WORK ORDER: Beginning with the line containing "Dikirimkan oleh sist" and ending with the line containing "Autumn Winter Children", write out each line of the records below exactly; pictures and lines outside that range are left out.

SUPPLIED RECORDS:
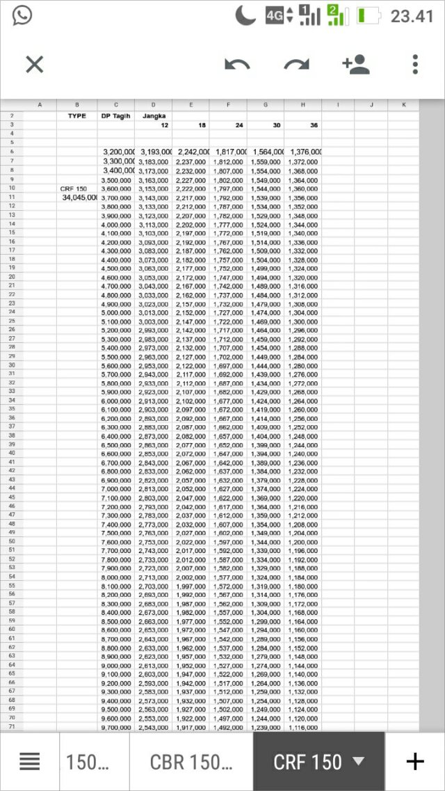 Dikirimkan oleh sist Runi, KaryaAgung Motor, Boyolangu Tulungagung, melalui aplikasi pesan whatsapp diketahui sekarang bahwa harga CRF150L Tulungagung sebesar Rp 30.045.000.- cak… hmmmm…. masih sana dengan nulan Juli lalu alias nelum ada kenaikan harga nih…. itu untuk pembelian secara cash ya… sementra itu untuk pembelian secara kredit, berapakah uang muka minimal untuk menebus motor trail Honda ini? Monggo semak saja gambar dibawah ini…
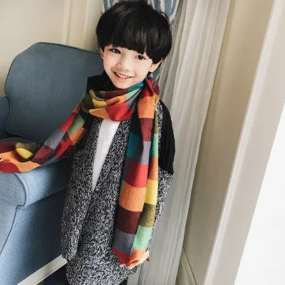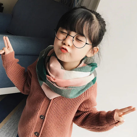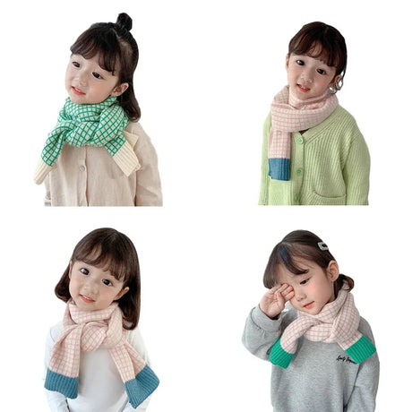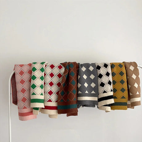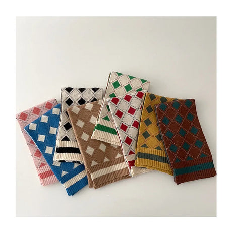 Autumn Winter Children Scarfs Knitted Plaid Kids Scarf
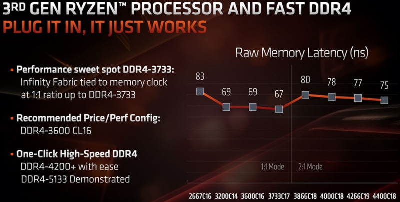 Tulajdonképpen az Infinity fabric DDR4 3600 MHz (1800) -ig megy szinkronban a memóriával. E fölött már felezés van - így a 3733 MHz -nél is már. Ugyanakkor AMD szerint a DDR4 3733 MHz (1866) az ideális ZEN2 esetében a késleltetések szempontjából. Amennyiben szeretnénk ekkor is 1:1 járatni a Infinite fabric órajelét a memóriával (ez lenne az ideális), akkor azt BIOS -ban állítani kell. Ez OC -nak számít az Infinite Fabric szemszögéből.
...
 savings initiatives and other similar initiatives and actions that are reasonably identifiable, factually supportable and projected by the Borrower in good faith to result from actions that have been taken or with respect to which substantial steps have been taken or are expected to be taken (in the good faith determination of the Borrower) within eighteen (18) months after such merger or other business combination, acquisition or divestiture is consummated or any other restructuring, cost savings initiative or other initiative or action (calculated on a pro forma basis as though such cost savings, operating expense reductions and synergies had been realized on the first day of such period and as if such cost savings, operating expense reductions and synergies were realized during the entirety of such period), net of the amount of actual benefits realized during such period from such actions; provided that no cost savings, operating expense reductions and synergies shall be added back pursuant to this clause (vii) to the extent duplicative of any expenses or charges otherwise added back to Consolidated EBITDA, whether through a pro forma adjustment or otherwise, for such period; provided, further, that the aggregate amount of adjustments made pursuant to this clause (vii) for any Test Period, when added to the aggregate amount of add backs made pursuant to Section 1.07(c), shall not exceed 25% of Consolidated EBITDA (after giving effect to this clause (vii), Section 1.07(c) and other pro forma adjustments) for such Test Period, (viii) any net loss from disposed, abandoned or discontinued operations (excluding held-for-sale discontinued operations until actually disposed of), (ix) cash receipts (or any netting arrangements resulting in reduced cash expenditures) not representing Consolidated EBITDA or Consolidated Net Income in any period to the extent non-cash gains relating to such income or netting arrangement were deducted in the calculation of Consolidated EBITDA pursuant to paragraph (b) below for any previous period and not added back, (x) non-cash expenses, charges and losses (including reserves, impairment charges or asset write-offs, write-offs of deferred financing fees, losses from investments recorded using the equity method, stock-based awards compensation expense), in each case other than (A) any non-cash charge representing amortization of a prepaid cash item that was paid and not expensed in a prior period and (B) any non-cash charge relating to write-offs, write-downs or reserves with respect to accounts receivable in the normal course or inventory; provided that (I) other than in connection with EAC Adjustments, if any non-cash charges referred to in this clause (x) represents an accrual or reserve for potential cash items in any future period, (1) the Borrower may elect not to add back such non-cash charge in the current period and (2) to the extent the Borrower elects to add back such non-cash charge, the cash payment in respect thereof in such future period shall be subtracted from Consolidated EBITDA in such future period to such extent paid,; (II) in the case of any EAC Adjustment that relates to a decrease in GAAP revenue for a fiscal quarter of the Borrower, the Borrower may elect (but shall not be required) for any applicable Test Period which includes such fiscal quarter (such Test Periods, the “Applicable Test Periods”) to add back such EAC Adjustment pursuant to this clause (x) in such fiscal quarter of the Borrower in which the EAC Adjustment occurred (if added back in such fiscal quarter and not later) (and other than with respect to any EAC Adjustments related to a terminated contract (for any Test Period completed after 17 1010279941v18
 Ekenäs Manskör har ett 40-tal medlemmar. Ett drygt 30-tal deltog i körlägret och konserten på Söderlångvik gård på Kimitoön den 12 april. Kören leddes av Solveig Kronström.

OUTPUT FOR THIS EXERCISE:
 Dikirimkan oleh sist Runi, KaryaAgung Motor, Boyolangu Tulungagung, melalui aplikasi pesan whatsapp diketahui sekarang bahwa harga CRF150L Tulungagung sebesar Rp 30.045.000.- cak… hmmmm…. masih sana dengan nulan Juli lalu alias nelum ada kenaikan harga nih…. itu untuk pembelian secara cash ya… sementra itu untuk pembelian secara kredit, berapakah uang muka minimal untuk menebus motor trail Honda ini? Monggo semak saja gambar dibawah ini…
 Autumn Winter Children Scarfs Knitted Plaid Kids Scarf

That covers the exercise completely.